▸ **Data block**:
------------------------------
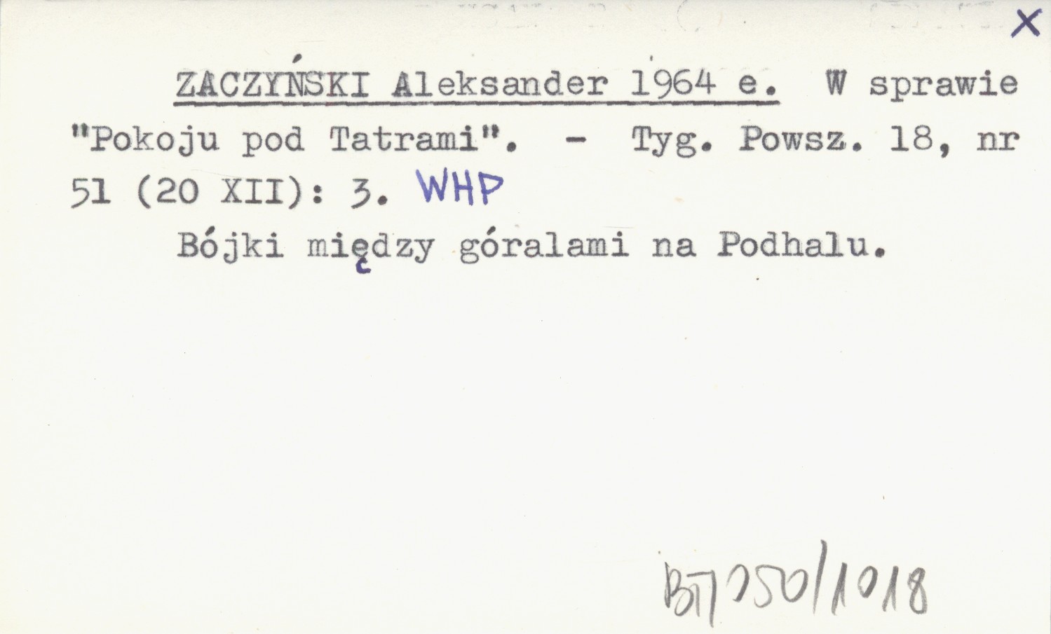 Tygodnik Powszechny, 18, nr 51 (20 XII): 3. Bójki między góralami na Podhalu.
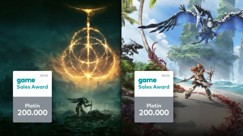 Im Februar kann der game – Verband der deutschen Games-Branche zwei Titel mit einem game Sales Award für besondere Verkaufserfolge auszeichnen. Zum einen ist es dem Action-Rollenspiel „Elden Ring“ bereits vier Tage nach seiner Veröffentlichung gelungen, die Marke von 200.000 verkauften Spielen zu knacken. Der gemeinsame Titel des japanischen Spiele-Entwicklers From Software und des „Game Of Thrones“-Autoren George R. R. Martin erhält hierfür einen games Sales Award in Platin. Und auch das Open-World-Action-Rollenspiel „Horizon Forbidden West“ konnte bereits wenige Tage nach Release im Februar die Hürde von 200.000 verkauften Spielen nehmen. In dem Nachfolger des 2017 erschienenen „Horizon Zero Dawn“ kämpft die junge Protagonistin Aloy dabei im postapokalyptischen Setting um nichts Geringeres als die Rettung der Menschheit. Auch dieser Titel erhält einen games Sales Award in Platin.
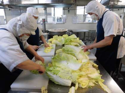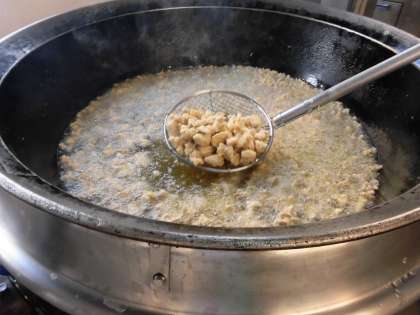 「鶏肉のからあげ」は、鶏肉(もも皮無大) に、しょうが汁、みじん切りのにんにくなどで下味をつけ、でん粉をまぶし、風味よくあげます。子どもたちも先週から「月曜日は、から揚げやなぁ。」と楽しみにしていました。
------------------------------
▸ **Task description**:
Reproduce all the data as it stands. The pictures are not part of the copy.

▸ **Result for this exercise**:
 Tygodnik Powszechny, 18, nr 51 (20 XII): 3. Bójki między góralami na Podhalu.
 Im Februar kann der game – Verband der deutschen Games-Branche zwei Titel mit einem game Sales Award für besondere Verkaufserfolge auszeichnen. Zum einen ist es dem Action-Rollenspiel „Elden Ring“ bereits vier Tage nach seiner Veröffentlichung gelungen, die Marke von 200.000 verkauften Spielen zu knacken. Der gemeinsame Titel des japanischen Spiele-Entwicklers From Software und des „Game Of Thrones“-Autoren George R. R. Martin erhält hierfür einen games Sales Award in Platin. Und auch das Open-World-Action-Rollenspiel „Horizon Forbidden West“ konnte bereits wenige Tage nach Release im Februar die Hürde von 200.000 verkauften Spielen nehmen. In dem Nachfolger des 2017 erschienenen „Horizon Zero Dawn“ kämpft die junge Protagonistin Aloy dabei im postapokalyptischen Setting um nichts Geringeres als die Rettung der Menschheit. Auch dieser Titel erhält einen games Sales Award in Platin.
 「鶏肉のからあげ」は、鶏肉(もも皮無大) に、しょうが汁、みじん切りのにんにくなどで下味をつけ、でん粉をまぶし、風味よくあげます。子どもたちも先週から「月曜日は、から揚げやなぁ。」と楽しみにしていました。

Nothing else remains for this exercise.